World

Woman Fights Off Tiger With Stick After It Kills Her Goat

Bengal tiger
An Indian Bengal tiger walks in its enclosure at the Zoological park in New Delhi, 28 January 2006. India is home to around 70 percent of the world's tiger population. Manan Vatsyayana/AFP/Getty Images

A 23-year-old Indian woman fought off a tiger armed with nothing but a stick after the animal attacked her goat.

Rupali Meshram rushed out of her home in India’s western state of Maharashtra when she heard the goat screaming in panic, only to find herself face-to-face with the largest species of big cats, the BBC reported.

But Rupali did not panic. Grabbing a nearby stick, she began hitting the tiger, which immediately turned on her. Rupali's mother Jijabhai rushed out and joined the fray, dragging her daughter back into the house. Miraculously, both only sustained minor injuries. Sadly, the goat did not survive.

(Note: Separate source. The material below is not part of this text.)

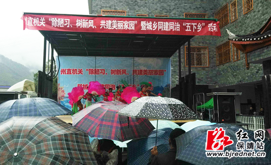 红网保靖站11月13日讯(通讯员 吴晓东 杨凡)11月12日,天空飘着毛毛细雨,由湘西州直机关工委牵头,州卫生局、州司法局、州文广新局、州科协联合举办的“除陋习、树新风、共建美丽家园”暨同建同治“五下乡”活动在保靖县夯沙乡政府广场拉开了帷幕。

Rupali took a photo of her face after the fight, in which she can be seen covered in blood. The attack happened last week, but has only just come to light. Both women were treated in hospital, and have since been discharged.

Rupali sustained superficial injuries to her head, waist, legs, and hands, while her mother was struck near the eye by the tiger. The doctor that treated them said they had shown “exemplary courage,” but noted they were lucky the tiger did not bite them, as their injuries would have been much worse.

“I thought my daughter was going to die,” Jijabhai told the BBC, describing her horror when she saw her Rupali facing down the ferocious predator with nothing more than a stick.

After escaping back into their home, the women called a forest guard. By the time he arrived 30 minutes later, the tiger was gone and the goat was dead.

The village where they live is close to a wildlife park, the BBC reported, meaning it is frequented by wild animals; some more dangerous than others. “I am a bit worried about returning to my village so soon after an attack like this, but I am not scared,” Rupali said.

Tigers once roamed all over the subcontinent, but conflict with human communities means they are now mostly restricted to India’s 50 tiger reserves. With protection their numbers have been growing—there were 2,226 tigers in India in 2014, up from 1,411 in 2006. The country is home to around 70% of all tigers worldwide.

Last year, a two-year old female tiger killed four people in Maharashtra state, prompting authorities to issue a shoot-to-kill order. The animal was later found dead next to an electric fence in October.

In the same month, a tiger that allegedly killed three people in Uttarakhand state was shot dead by forest guards. The killing prompted a three-hour celebration in which residents paraded through the streets holding the animal’s dead body above their heads.